Reputation: 127
I'm working with eigenfaces for a facial recognition program I am writing. I have a couple questions about how eigenfaces are actually generated:
Are they generated from a lot of pictures of different people, or a lot of pictures of the same person?
Do these people need to include the people you want to recognize? If not, then how would any type of comparison be made?
Is an eigenface determined for every image you provide, or do multiple pictures go towards creating one eigenface?

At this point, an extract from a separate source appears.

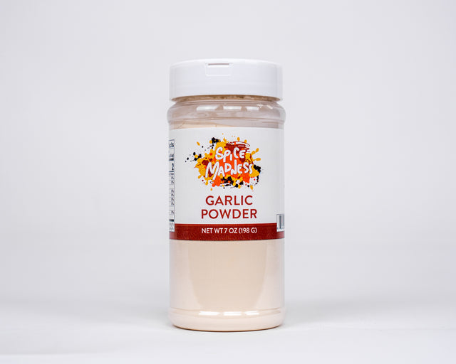 Spice up your kitchen with Spice Madness Garlic Powder! This 100% pure garlic adds a strong, aromatic flavor to any dish. Unlike fresh garlic, it's mess-free and shelf-stable. Sprinkle it on meats, vegetables, soups, or pasta for a savory punch that's slightly milder and sweeter than fresh.
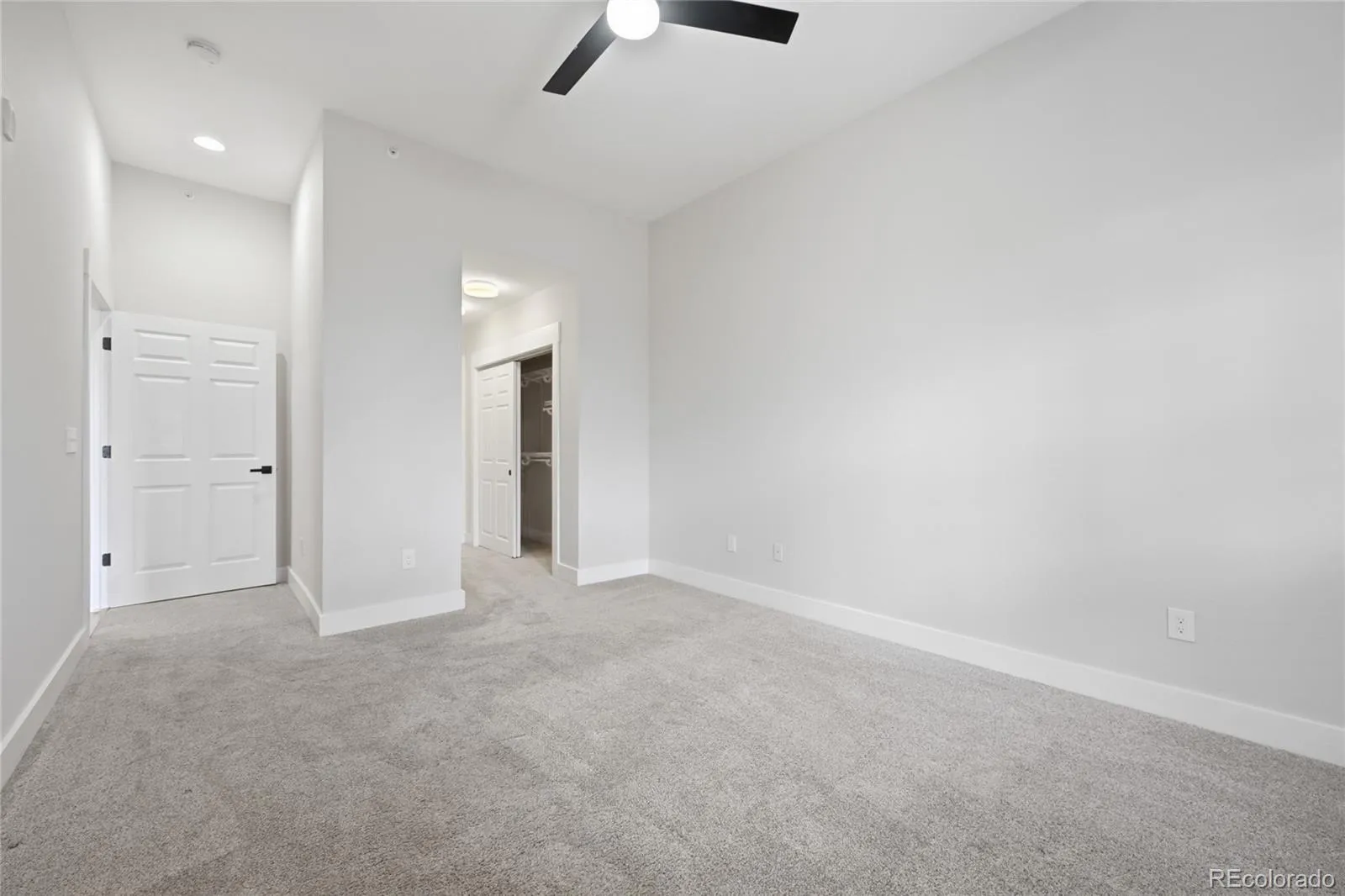 Inside, you’ll find a fresh combination of luxury vinyl plank flooring and carpet, complemented by elegant wood shutter window coverings throughout. The spacious living area opens to a large, covered patio overlooking the Bear Creek Trail and park, providing a peaceful outdoor retreat right at home.

This is all about the generation or learning phase of the eigenfaces. Thanks for any help or pointing me in the right direction!
Upvotes: 3
Views: 1232
Reputation: 3852
I actually find the description for Eigenfaces on Wikipedia quite useful. To answer your questions:
Edit: Answering the question, that Kevin added in the comment to the question:
The idea behind using eigenfaces, is that you can express an image of a face by mixing eigenfaces together. Let's suppose you have three eigenfaces ef_1, ef_2, ef_3
and you have an image of a face f_1 = a_1 * ef_1 + a_2 * ef_2 + a_3 * ef_3
. The eigenfaces do not change, regardless which face you want to express with them, however, the coefficients a = (a_1, a_2, a_3)
are characteristic to the face. This is what you would use to compare two faces.
But in order to get to the stage where you can use eigenfaces, you first have to align (register) an observed face with the eigenfaces, which is not trivial and a completely different topic (see pxu's answer).
P.S.: I recommend, that you keep an eye on Area 51: Computer Vision, which is a Stack Overflow sister site about computer vision in the making.
Upvotes: 2
Reputation: 6675
Nota bene: you need very good registration of the faces. Eigenfaces is notoriously bad about translation/rotation invariance. Your results are likely to be terrible unless you register well. The original Turk and Pentland paper was groundbreaking not just because of the technique but for the scale and quality of data set they gathered which enabled said technique.